Montana Technological University - HPSA Findings
Master’s student Mitchell Harvey at Montana Technological University is researching High-Pressure Slurry Ablation (HPSA) for improving flotation of Cu-Mo bulk concentrate, pyrite bearing gold tailings, and lead concentrate. He is about to conclude his work with Cu-Mo and is beginning testing gold tailings. His work so far with Cu-Mo has shown positive results.
Much of the world’s molybdenum is produced as a byproduct of copper mining where molybdenite (MoS2) is found alongside copper sulfide minerals. The copper and molybdenum sulfides are floated simultaneously to produce a Cu-Mo bulk concentrate, then the sulfides are separated with flotation to produce separate copper and molybdenum concentrates. Below is a diagram of a typical rougher cleaner circuit for separating copper and molybdenum sulfides. Ball mills are placed between cleaner cells to improve liberation of the molybdenite. This regrinding must be done in stages to avoid overgrinding of the soft molybdenite.
Disa’s High-Pressure Slurry Ablation Technology (HPSA) has shown potential as a more economical replacement for these regrind mills.

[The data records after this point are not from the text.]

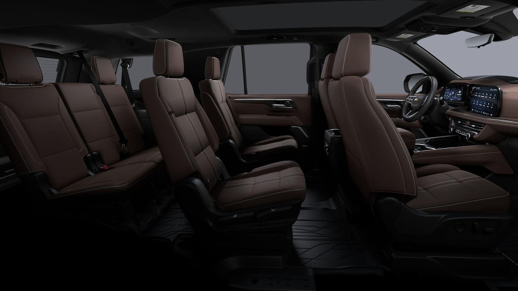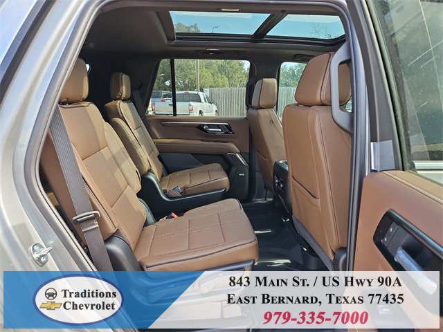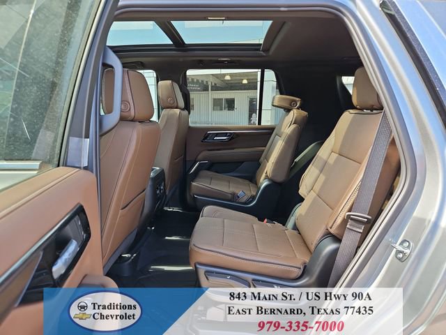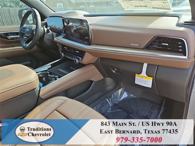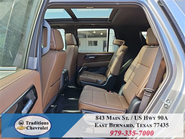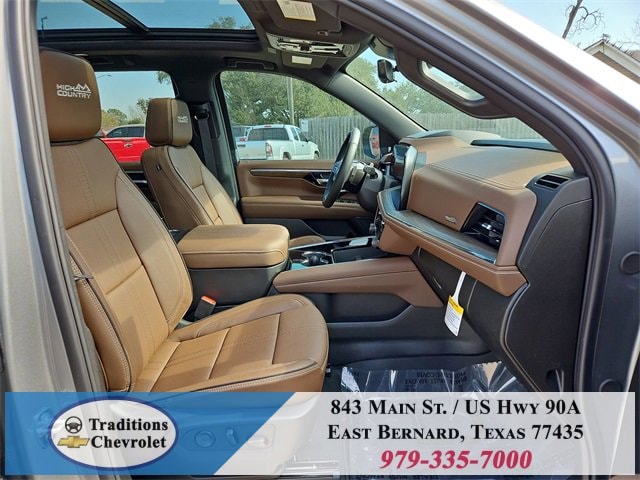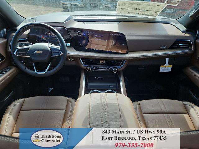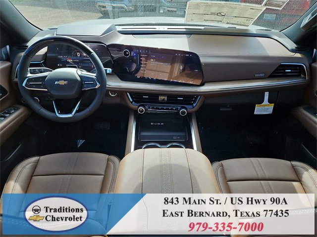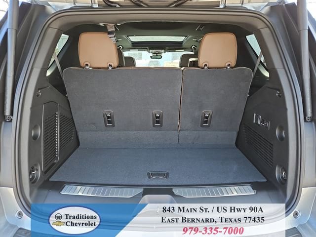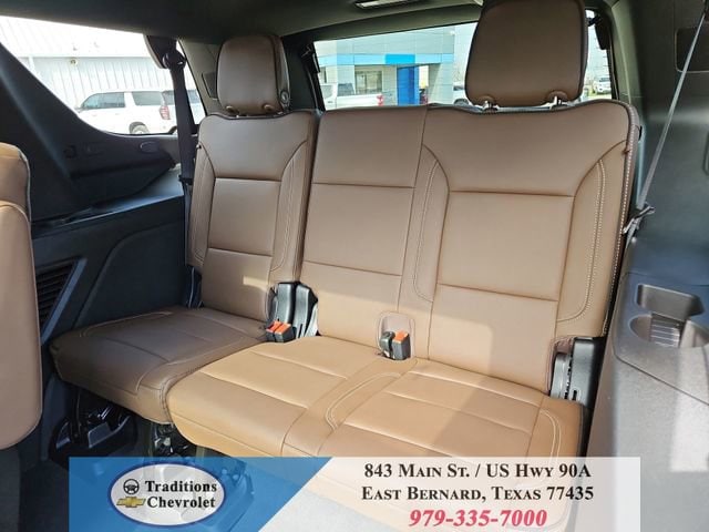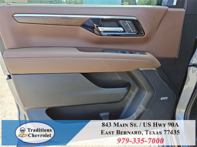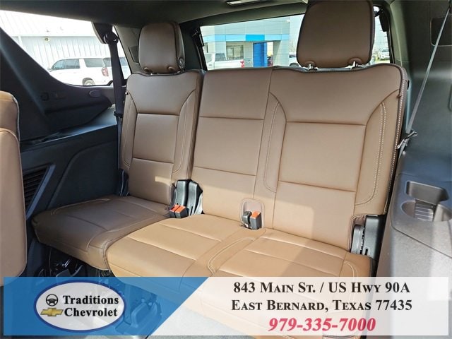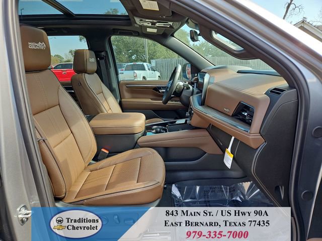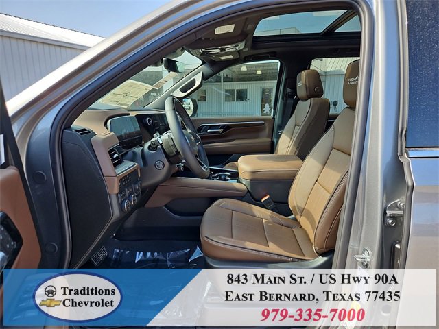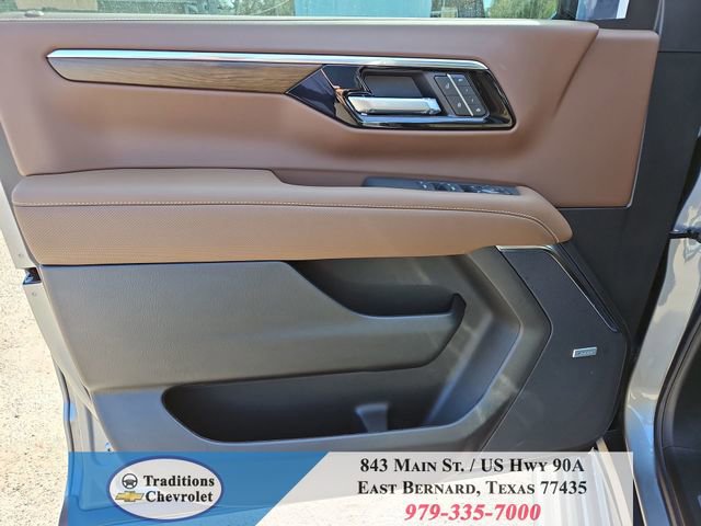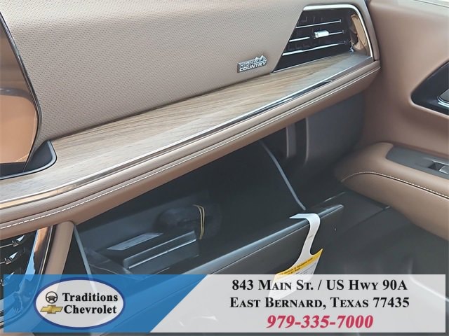 Advanced Trailering Package (Blind Zone Steering Assist with Trailering, Hitch View with Pan/Zoom Image Adjustment, and Smart Trailer Integration Indicator), High Country Deluxe (Air Ride Adaptive Suspension, Dual-Pane Power Panoramic Sunroof, and Power-Retractable Assist Steps), License Plate Front Mounting Package, Max Trailering Package (2-Speed Active Electronic AutoTrac Transfer Case, Hill Descent Control, and Integrated Trailer Brake Controller), Preferred Equipment Group 3LZ (15 Diagonal Multi-Color Head-Up Display, 1st and 2nd Row Color-Keyed Carpeted Floor Mats, 3-Spoke Wrapped Steering Wheel, 3rd Row 60/40 Power-Folding Split-Bench Seat, Bose 10-Speaker Centerpoint Surround Audio System Feature, Bright Front and Rear Door Sill Plates, Chrome Door Handles with Body-Color Strip, Color-Keyed Carpeting Floor Covering, Dual Exhaust System, Floor Console, Front Bucket Seats, Front LED Fog Lamps, Frontal Driver and Outboard Passenger Airbags, Heated 2nd Row Outboard Seats, Heated Steering Wheel, Inside Rearview Auo-Dimming Rear Camera Mirror, Interior Camera, Key Card, LED Headlamps with LED Daytime Running Lamps, LED Tail Lamps, Magnetic Ride Control Suspension, Memory Settings, Outside Heated Power-Adjustable Mirrors, Power Release 2nd Row Bucket Seats, Power Tilt and Telescopic Steering Column, Rear Power Liftgate, Remote Start, Set of 4 Wheel Locks, SiriusXM with 360L Trial Subscription, Universal Home Remote, Wheels: 22 x 9 Bright Machined Aluminum, and Wireless Phone Charging), 4WD, Jet Black/Mocha Leather, 10 Speakers, 1st and 2nd Rows All-Weather Floor Liners, 3.23 Rear Axle Ratio, 3rd row seats: split-bench, 4-Way Power Driver Lumbar Seat Adjuster, 4-Way Power Front Passenger Lumbar Seat Adjuster, 4-Wheel Disc Brakes, 8-Way Power Driver Seat Adjuster, 8-Way Power Front Passenger Seat Adjuster, ABS brakes, Adaptive suspension, Air Conditioning, Alloy wheels, AM/FM radio: SiriusXM with 360L, Apple CarPlay/Android Auto, Auto High-beam Headlights, Auto-dimming door mirrors, Auto-dimming Rear-View mirror, Auto-leveling suspension, Automatic temperature control, Brake assist, Bumpers: body-color, Compass, Delay-off headlights, Driver and Front Passenger Heated and Ventilated Seats, Driver door bin, Driver vanity mirror, Dual front impact airbags, Dual front side impact airbags, Electronic Stability Control, Emergency communication system: OnStar and Chevrolet connected services capable, Exterior Parking Camera Rear, Extra Capacity Cooling System, Four wheel independent suspension, Front anti-roll bar, Front Center Armrest, Front dual zone A/C, Front fog lights, Front reading lights, Fully automatic headlights, Garage door transmitter, Heads-Up Display, Heated door mirrors, Heated Driver and Front Passenger Seats, Heated front seats, Heated rear seats, Heated steering wheel, Illuminated entry, Low tire pressure warning, Memory seat, Navigation system: Google built-in compatibility (select service plan required, terms and limitations apply), Occupant sensing airbag, Outside temperature display, Overhead airbag, Overhead console, Panic alarm, Passenger door bin, Passenger vanity mirror, Perforated Leather Seat Trim, Power door mirrors, Power driver seat, Power Liftgate, Power passenger seat, Power steering, Power windows, Premium audio system: Chevrolet Infotainment 3 Premium, Radio data system, Radio: 17.7 Diagonal Advanced Color LCD Display, Rain sensing wipers, Rear air conditioning, Rear anti-roll bar, Rear reading lights, Rear window defroster, Rear window wiper, Remote keyless entry, Security system, Speed control, Speed-sensing steering, Split folding rear seat, Spoiler, Steering wheel memory, Steering wheel mounted audio controls, Super Cruise, Tachometer, Telescoping steering wheel, Tilt steering wheel, Traction control, Trip computer, Turn signal indicator mirrors, Variably intermittent wipers, Ventilated front seats, and Voltme
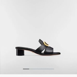 Chic Dior sandals with bold gold details. Perfect for any stylish outing.
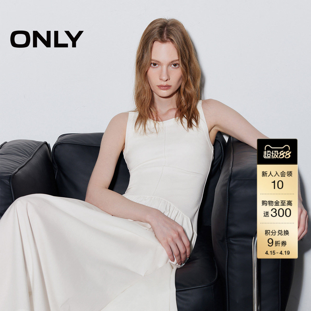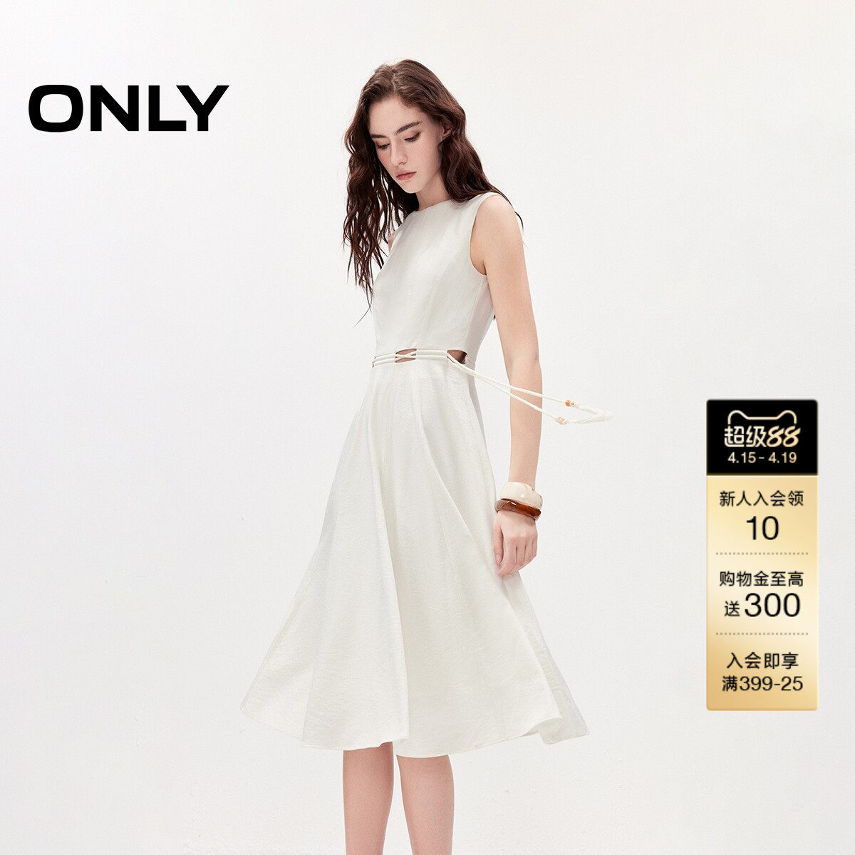 ONLY2026夏季新款简约摩登腰部镂空裙子圆领无袖长裙连衣裙女
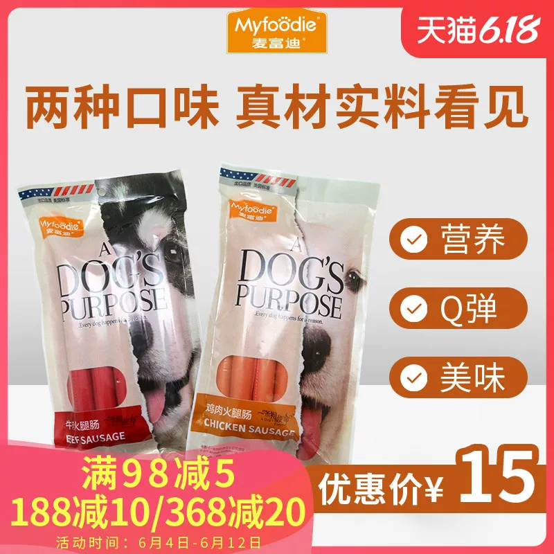 Maifudi Dog Ham Xúc xích 300g Thịt bò Gà Hương vị Teddy Puppy Dog Đào tạo Xúc xích Snack Thịt Thịt Thịt khô - Đồ ăn vặt cho chó
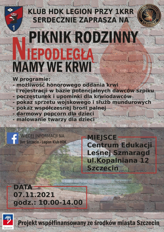 Rodzinny piknik pod nazwą „Niepodległą mamy we krwi” odbędzie się w niedzielę, 7 listopada, w godzinach 10:00–14:00 na terenie Centrum Edukacji Leśnej Szmaragdowe w Szczecin przy ul. Kopalnianej 12. W czasie trwania imprezy przewidziane są różnego rodzaju darmowe atrakcje dla dzieci, pokaz sprzętu służb mundurowych oraz szkolenie z pierwszej pomocy przedmedycznej. Dodatkowo rozdawane będą materiały promujące honorowe krwiodawstwo, a także zapewnione zostaną gorące i zimne napoje. Na dzieci czeka również darmowy popcorn oraz możliwość pomalowania sobie twarzy. Dla każdego krwiodawcy, który odda krew, przewidziane są upominki, drobny poczęstunek oraz gadżety. Wstęp wolny. Szczegóły: https://www.facebook.com/events/939106710288945/
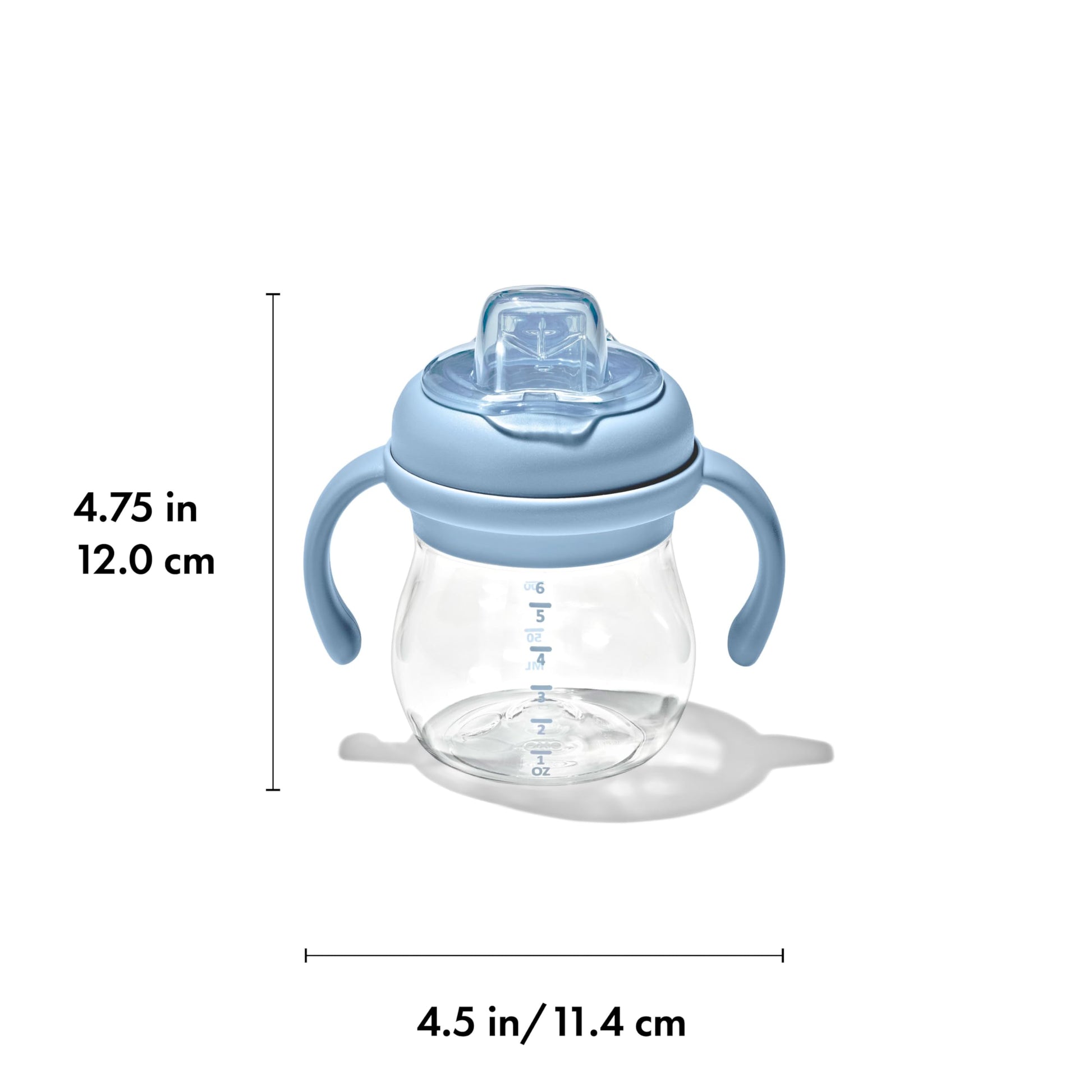 Smarter (and tougher) than the average sippy cup, the 6 oz. OXO Tot Transitions Soft Spout Sippy Cup has a silicone spout that conforms to baby’s mouth for a comfortable sip and less mess. Plus, the hinged cap closes to create a leakproof seal and protect the spout when not in use. The removable handles provide a comfortable grip for your little one, and the cap and spout are removable for easy, thorough cleaning. Dishwasher safe.
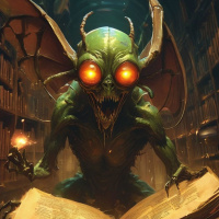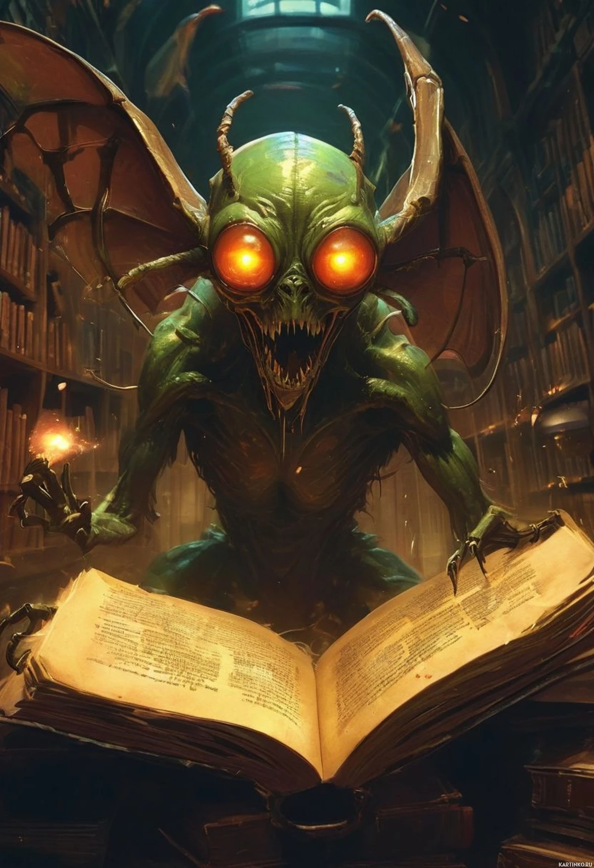 menacing expression. The monster is holding a book open in front of it as if reading from it or perhaps casting a spell. Surrounding the creature is
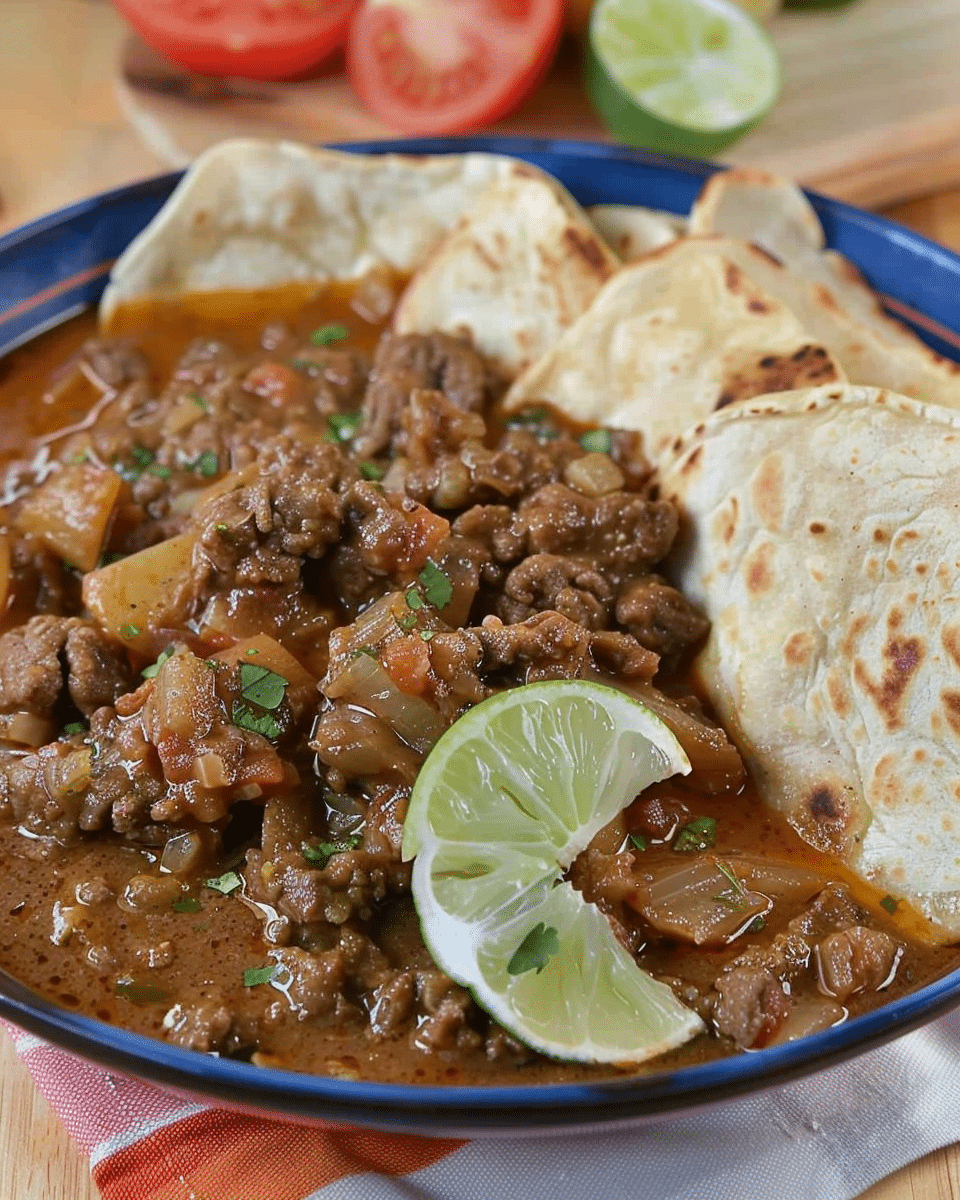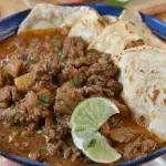 Hearty carne guisada with ground beef and potatoes simmered in a rich tomato chile gravy. Served with warm flour tortillas, this comforting Mexican-style stew is perfect for family meals.
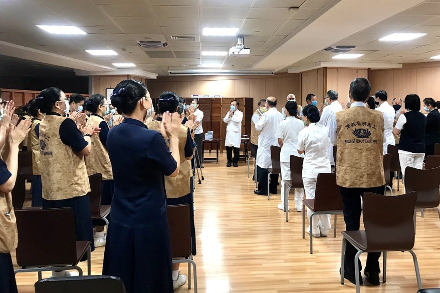 [新媒社 記者黃嘉雯/台中報導] 台中慈濟醫院門診、洗腎醫療志工八日正式恢復服務,相隔97天沒見,簡守信院長形容是親人久別重逢的心情。護理同仁在洗腎室列隊獻上花環與歡迎卡、門診血壓站護理師緊抱志工說有你們真好、來院病人與家屬也都來問候,還有住院病人家屬盼望更進一步開放病房醫療志工來協助。

Mitchell is using a three-factor factorial design of experiment to evaluate the effectiveness of HPSA at improving the flotation of Cu-Mo bulk concentrate. Pump speed, % solids and residence time are varied, and the change in molybdenum and copper grade and recovery with batch flotation are measured as well as particle size distribution. The best results were obtained with a high pump speed and high % solids. The batch flotation tests were conducted using Aminpro’s simple kinetic test procedure where froth is collected in logarithmic time intervals over a 30 minute period. From right to left, the points on the recovery-grade curves in the plot below represent 45 seconds, 2 minutes, 8 minutes, and 30 minutes of flotation. The recovery-grade curves improved from 7.5 minutes to 15 minutes and from 15 minutes to 22.5 minutes of HPSA time, then worsened after 30 minutes suggesting that overgrinding was beginning to occur. Particle size distribution measurements showed a steady decline in P80 during the test.
Based on this research, HPSA demonstrated it is able to increase recoveries by approximately 35% compared to currently used methods. It is believed that the results are due to HPSA’s unique application of force and the bimodal hardness of molybdenite and chalcopyrite. Molybdenite is a softer mineral with a Mohs hardness of 1.5 compared to chalcopyrite with a Mohs hardness of 3.5. The particle-to-particle collisions are thought to ablate the softer molybdenite from the chalcopyrite without overgrinding the molybdenite.